Strictly Come Dancing winner Chris McCausland has opened up about the heartbreaking moments he’s shared with his daughter Sophie, 13

Chris McCausland(Image: Dave J Hogan/Getty Images)

Comedian and Strictly Come Dancing winner Chris McCausland has opened up about the “guilt” he experienced when his daughter was born.

Looking back on childhood memories of his father taking him to funfairs, reading him bedtime stories and, as a Liverpudlian, “watching the Mighty Reds play at Anfield,” Chris was troubled by fears he wouldn’t be able to give his daughter Sophie the same experiences.

“I thought that my blindness would preclude me from being able to do the things I thought a proper dad should do,” he wrote in his memoir Keep Laughing.

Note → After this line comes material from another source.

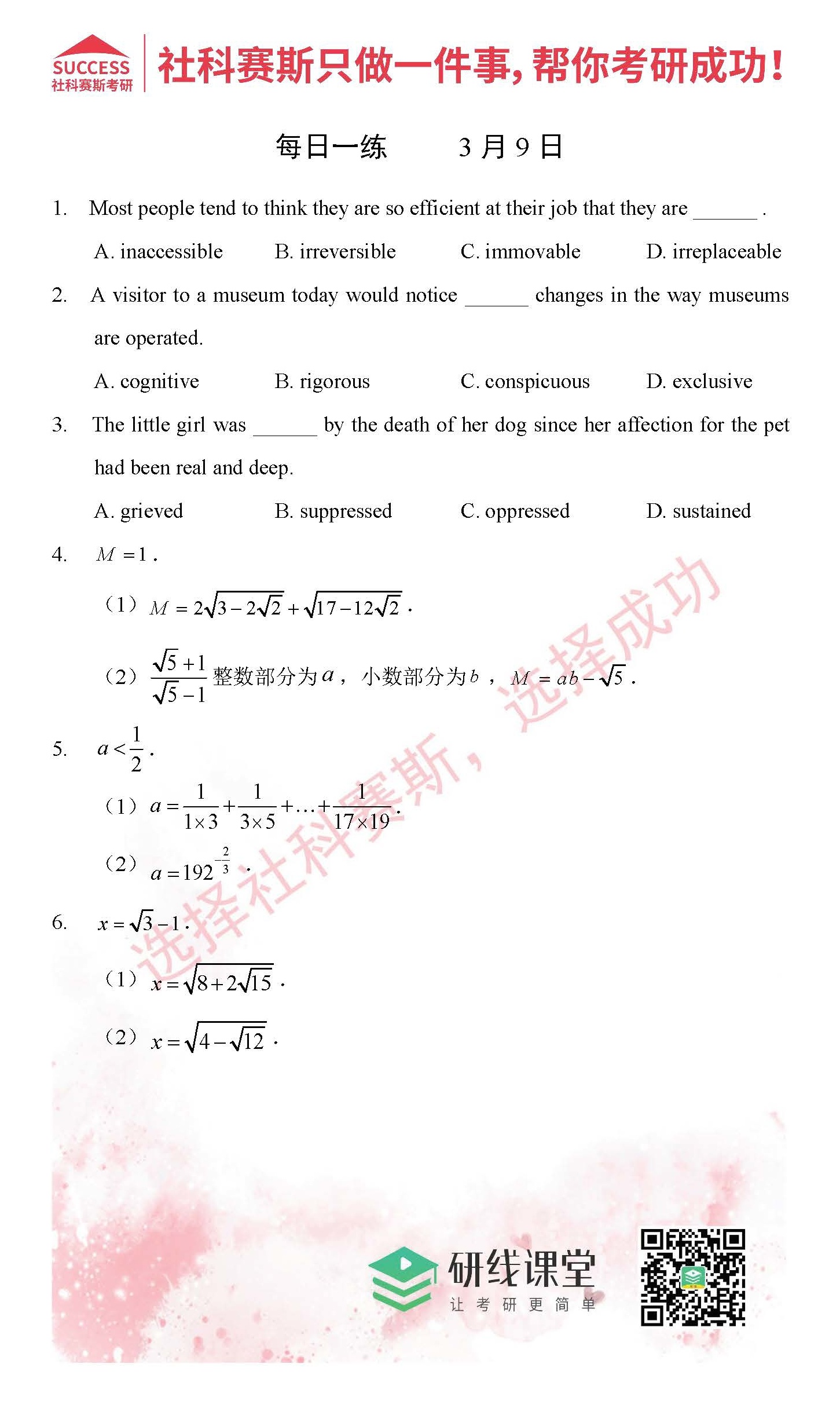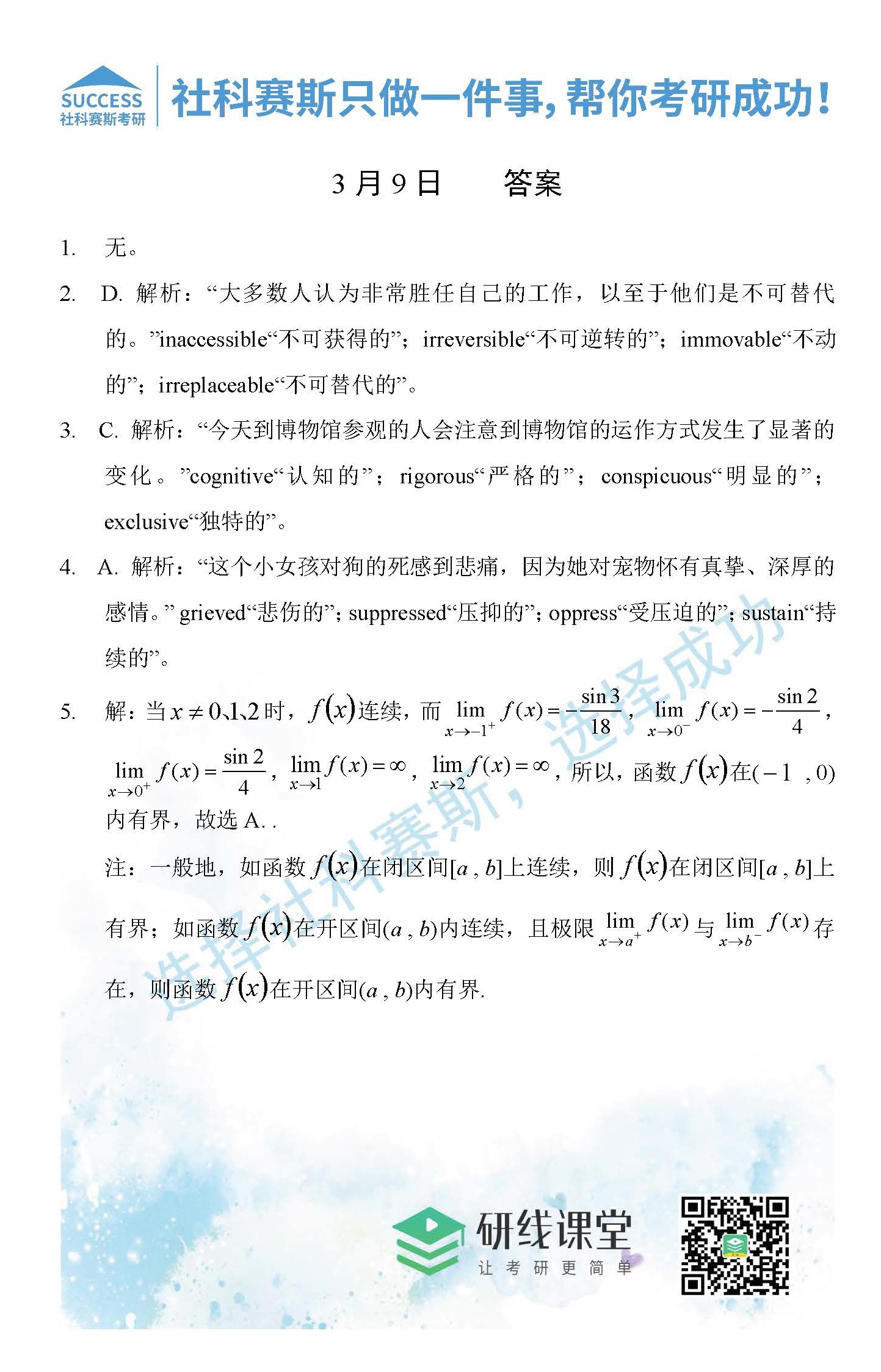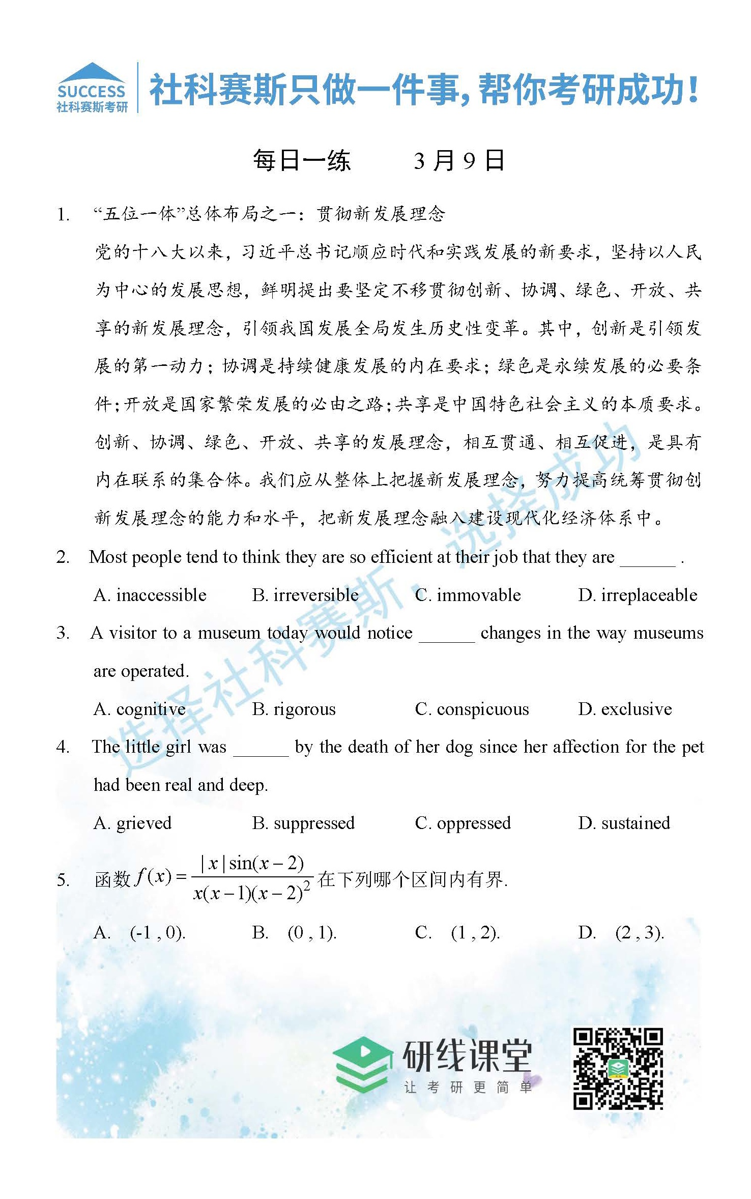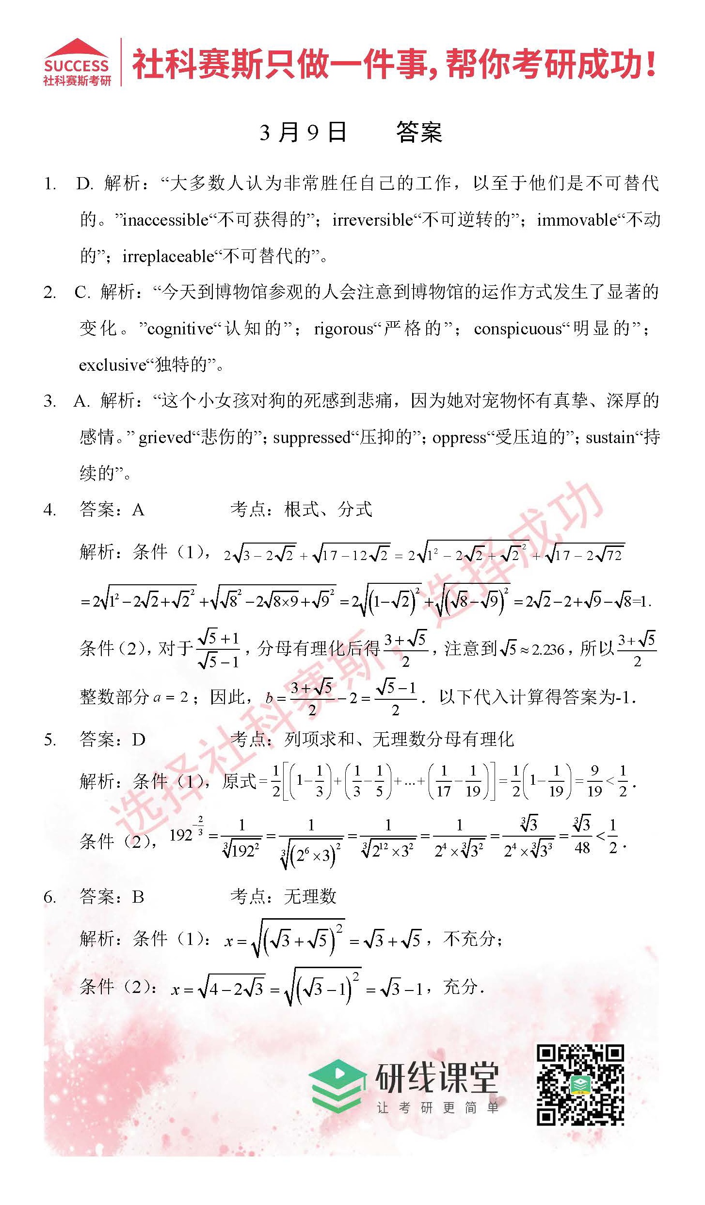 以上就是社科賽斯考研網(wǎng)小編為大家整理2022考研每日一練:3月9日管理類聯(lián)考每日一練及答案的全部內(nèi)容,希望各位考生堅(jiān)持利用起來,更多每日一練內(nèi)容請(qǐng)持續(xù)關(guān)注社科賽斯考研網(wǎng)。

Whilst his wife Patricia had “made her own choice” to share her life with Chris, despite his condition, “a child doesn’t get to choose their parents,” he observed.

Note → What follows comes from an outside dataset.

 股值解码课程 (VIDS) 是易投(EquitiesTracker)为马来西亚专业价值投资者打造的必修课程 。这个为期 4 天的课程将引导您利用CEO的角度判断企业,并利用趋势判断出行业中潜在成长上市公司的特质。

Yet children are remarkably resilient, and Sophie – now aged 13 – has matured knowing her father’s sight differs from her mother’s. But Chris remembered one particular moment when it became clear she understood he couldn’t see, reports the Mirror.

He described an occasion in his kitchen when he was searching for one of Sophie’s plastic beakers that had dropped onto the floor: “Patricia was in the bedroom with Sophie and told her to go and help me find it,” he explained.

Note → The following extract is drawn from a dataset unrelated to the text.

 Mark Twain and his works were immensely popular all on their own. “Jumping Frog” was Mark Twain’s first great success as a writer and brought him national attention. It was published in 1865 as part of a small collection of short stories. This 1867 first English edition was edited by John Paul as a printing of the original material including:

Sophie questioned him: “You can’t find the cup, Daddy? Because your eyes are broken?”.

It was a striking realisation, he confessed: “This knocked me off my stride for a moment, as it was the first time she had made this connection with the understanding that I couldn’t see.”

He disclosed that at that point in his life, he’d grown “comfortable in his own skin” and was flourishing as a stand-up comedian, but Sophie’s question forced him to view himself through a different lens.

Understandably, Chris also feared the possibility of transmitting his condition – Retinitis pigmentosa – to his daughter.

This hereditary disorder causes a progressive deterioration of vision beginning in childhood, and Chris is delighted to confirm that Sophie appears to have escaped this particular genetic inheritance.

“It has now been several years since we passed the point at which the symptoms of my condition should have made themselves known,” he revealed, “and I’m pleased to say that they never have. The coin landed favourably this time, and if she hasn’t got it, she can’t pass it on.”

And, he acknowledges, he’s come to terms with his original “guilt” about Sophie: “There is lots I’m unable to do as her dad, but she doesn’t care about that and neither do I any more.”